Algures, em 2 de fevereiro de 2044
“Não se sabe se Kublai Khan acredita em tudo o que diz Marco Polo quando este lhe descreve as cidades visitadas em suas missões diplomáticas, mas o imperador dos tártaros continua a ouvir o jovem veneziano:
Devo atrair a sua atenção para uma qualidade intrínseca dessa cidade, um amor latente pela justiça, ainda não submetido a regras, capaz de compor uma cidade ainda mais justa do que era antes de se tornar recipiente de injustiça.“
No seu livro “As Cidades Invisíveis”, Calvino fala-nos de injustiça e do seu reverso. A minha amiga Teresa tinha-me oferecido um exemplar dessa obra e eu recomendava a sua leitura, para que os leitores pudessem compreender como a injustiça tinha rédea solta no sistema hierárquico e autoritário dos idos de vinte.
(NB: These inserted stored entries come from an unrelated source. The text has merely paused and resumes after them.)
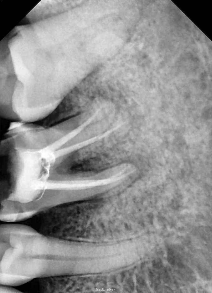 诊断:36牙慢性根尖周炎 治疗:36牙探及根管口④,远颊根管口阻塞,选用尖头金刚砂车针去除部分髓底,暴露断针头部,超声(P尖)逆时针振荡,直到断针松动,然后用血管钳取出断针,疏通根管,机扩,充填,术后1个月复查,根尖暗影范围略有缩小
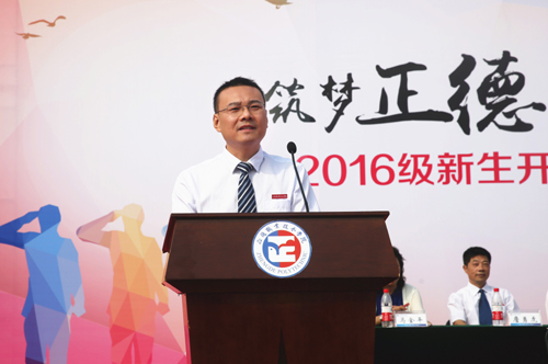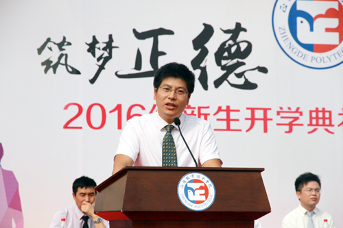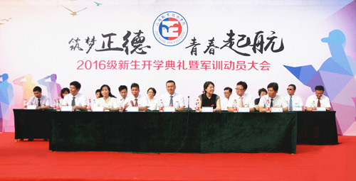 9月14日上午,我院隆重举行“筑梦正德 青春起航”2016级新生开学典礼,院长庄群华,院党委书记、副院长左彤云,副院长刘小廷、赵凯雷,院长助理赵湘莲、王健以及各单位主要负责人出席典礼。左彤云主持了开学典礼。
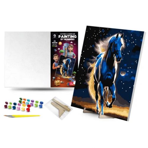 Картина за номерами з фарбами металік. Для того, щоб намалювати картину, необхідно малювати за пронумерованими контурами, які відповідають кольору фарби. У наборі: полотно на підрамнику з галерейною натяжкою, художні нейлонові пензлі, палітра акрилових фарб у контейнерах, деревʼяні деталі підставки для картини. Усі необхідні фарби вже в комплекті та не вимагають змішування. Розмір: 40х50 см. Рекомендовано для дітей старше 5 років.
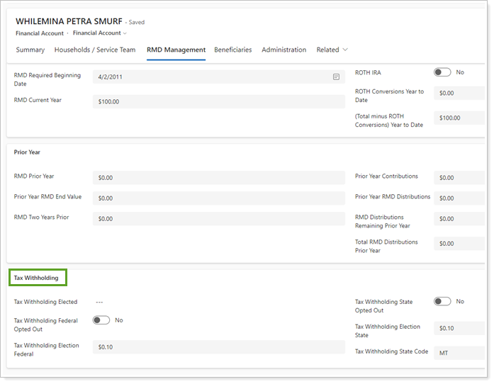 For more information about this integration, see Schwab RMD Integration.
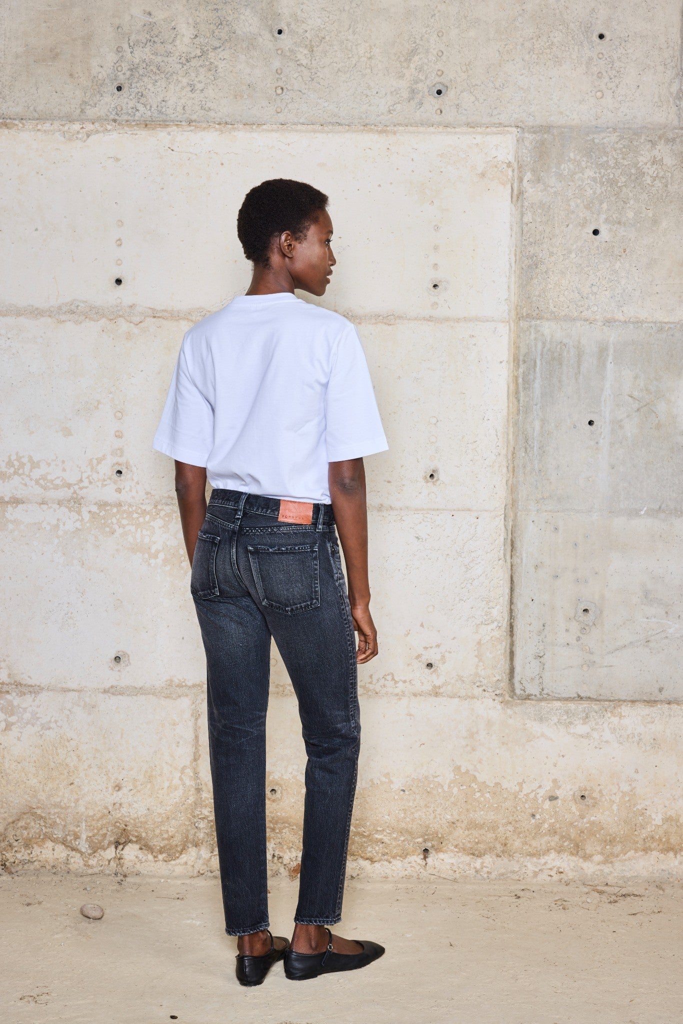 Le Okayama, Paint it Black incarne une nouvelle vision du jean tapered : une taille intermédiaire subtilement abaissée, qui conserve tout le maintien à l’arrière, et une jambe qui s’affine progressivement de la cuisse à la cheville. Résultat : une silhouette moderne, élancée, mais toujours confortable.
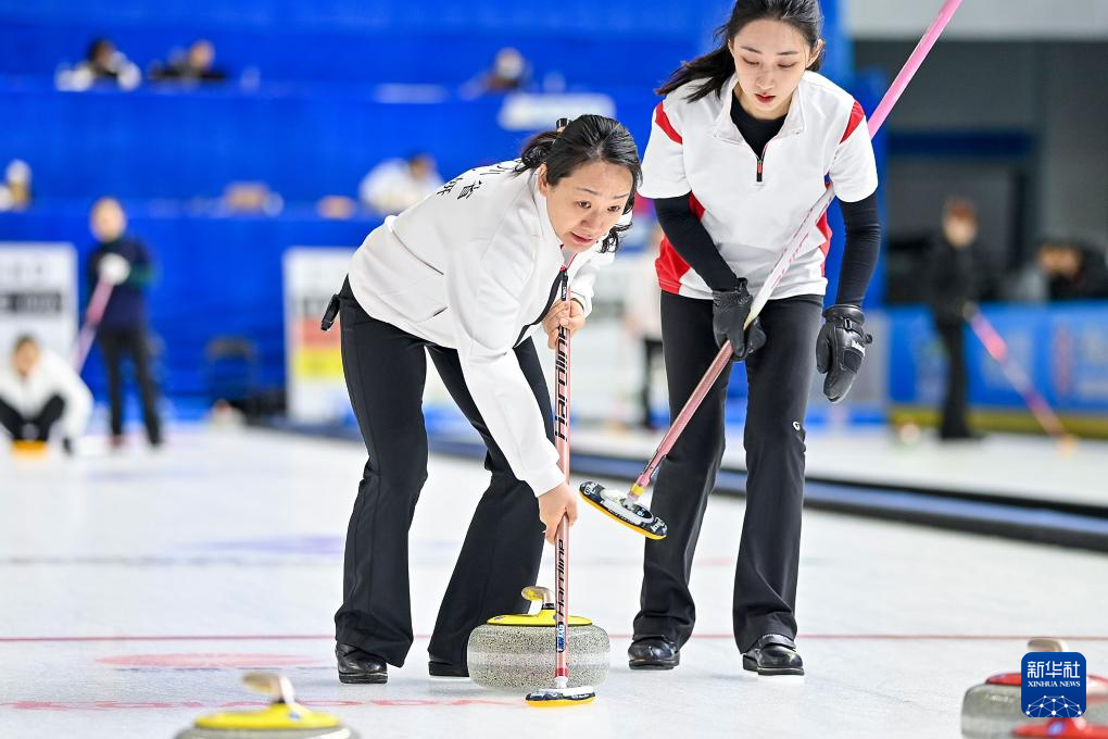2月22日,内蒙古队选手田琳塬(右)、贺丹在比赛中。最终,内蒙古队6比3战胜云南队。新华社记者 杨晨光 摄

Nesse ignominioso tempo, era comum a instauração de inquisitoriais processos contra qualquer educador que ousasse tentar… cumprir a lei. À semelhança de outros educadores, a Fabi desenvolvia um projeto perfeitamente enquadrado na Lei de Diretrizes e Bases da Educação Nacional. Porém, os burocratas das diretorias, secretarias e órgãos quejandos usavam uma lei do tempo da Ditadura, para destruir esse e outros projetos.
À luz das ciências da educação e da Lei de Bases de noventa e seis, o libelo acusatório era um chorrilho de disparates. Acusavam a Fabi de se ter manifestado de forma depreciativa em relação aos projetos e demandas da Secretaria de Estado da Educação” e de ter autorizado a realização do projeto “Tutoria em Ação”.
Pois a Fabi só poderia manifestar-se de forma crítica, “depreciativa”, em relação à inutilidade dos projetos e ao sem sentido das demandas da Secretaria de Educação”. A realização do projeto “Tutoria em Ação” não carecia de autorização de “superiores hierárquicos”, pois estava fundamentado na lei e nas ciências da educação, ciência ocultas para os burocratas das secretarias.
A “Tutoria em Ação” era uma práxis consistente. Se a Fabi, formalmente, “pedisse autorização”, para desenvolver o projeto, apresentando-o à consideração a suas excelências da Diretoria, estas não o entenderiam e, provavelmente, o rejeitariam. No tempo em que a Educação ainda estava nas mãos de gente autoritária, era arriscado exercer a profissão de professor com dignidade.
Exercer liberdade de expressão consistia no direito de expressar opiniões, ideias, sem interferência ou censura governamental. Em democracias avançadas, o direito de se expressar fora alçado ao status de fundamental. A “Primeira Emenda da Constituição dos Estados Unidos declarava que não se faria nenhuma lei “restringindo a liberdade de expressão ou de imprensa”. Essa proteção abrangia uma ampla gama de formas de expressão, incluindo a fala, a imprensa, a liberdade acadêmica.
O libelo acusatório acrescentava um conjunto de alegações que qualquer advogado desprovido de conhecimento pedagógico e científico julgaria pertinentes. Mas, não passavam insinuações escritas num tempo verbal (o condicional presente), não se tratando, evidentemente, de acusações provadas, à luz da Lei de Diretrizes e Bases da Educação Nacional e da Constituição, que, no seu artigo 5º, incisos IV e IX, a Lei estabelecia:
“É livre a manifestação do pensamento, sendo vedado o anonimato; é livre a expressão da atividade intelectual, artística, científica e de comunicação, independentemente de censura ou licença.”
E eu perguntava:
Iríamos consentir que, em democracia, a Fabi fosse “DEMITIDA” (era essa demanda da Diretoria, em letras maiúsculas), com base numa lei do tempo da Ditadura?